Finanzminister Wolfgang Schäuble (CDU) und sein Schweizer Amtskollege Hans-Rudolf Merz hatten am Freitag in Berlin ein neues Steuerabkommen zwischen beiden Ländern präsentiert. "Wir sind entschlossen, das Problem zu lösen", sagte Schäuble. Ungeklärt ist, ob der Fiskus an riesige Vermögen deutscher Alt-Anleger herankommt, die über Jahrzehnte unversteuertes Geld bei Schweizer Banken versteckt haben.
Nach Angaben Schäubles wird in den nächsten Monaten gemeinsam mit den Schweizern nach Lösungen gesucht, wie dieses Schwarzgeld erfasst werden kann. Eine Amnestie (Straffreiheit) für diese Steuersünder lehnt Schäuble ab. Merz brachte eine Abgeltungssteuer ins Spiel, um die Altvermögen in Milliardenhöhe zu besteuern.

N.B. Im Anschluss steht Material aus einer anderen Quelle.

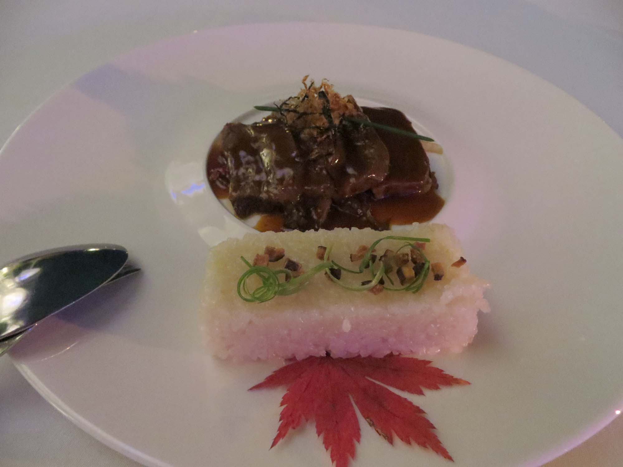 | 鶏肉の炭火焼き、海藻とチンゲン菜添え | オージービーフのステーキ、シチューソース そしてライスは日本米 |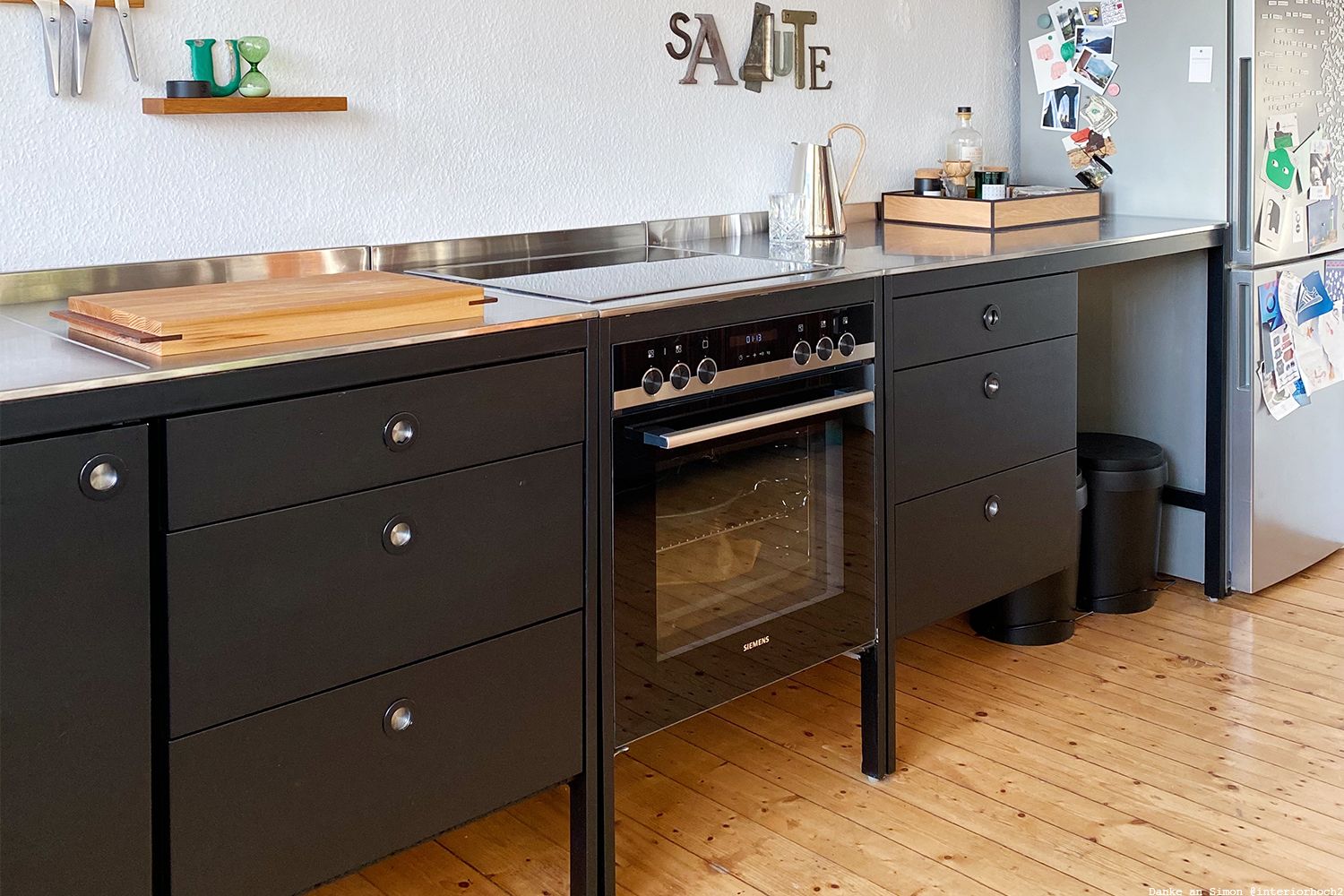 Warum nicht mal die Küchenfronten umlackieren? Upcyclen und optisch aufhübschen, was noch in gutem Zustand ist, ist schließlich super nachhaltig. Simón hat seine Küchenfronten in einem tiefdunklen Schwarz-Ton gestrichen. Schwarze Küchenfronten liegen im Trend und mit Möbellack ist der Anstrich schnell und einfach selbst gemacht.

Noch nicht geklärt ist, wer zusätzlich angebotene Steuerdaten kauft, die dem Land Baden-Württemberg angeboten worden waren. Rheinland-Pfalz erhöhte den Druck auf Schäuble, eine Entscheidung zu treffen. "Die Diskussion um den Kauf dieser Daten muss endlich aufhören", denn sie schade dem Ansehen der Steuerverwaltung, sagte der Mainzer Finanzminister Carsten Kühl (SPD) dem "Spiegel". Baden- Württemberg hatte den Ankauf abgelehnt. Schäuble wollte daraufhin die Daten gemeinsam mit einem anderen Bundesland kaufen. Rheinland-Pfalz steht dafür bereit.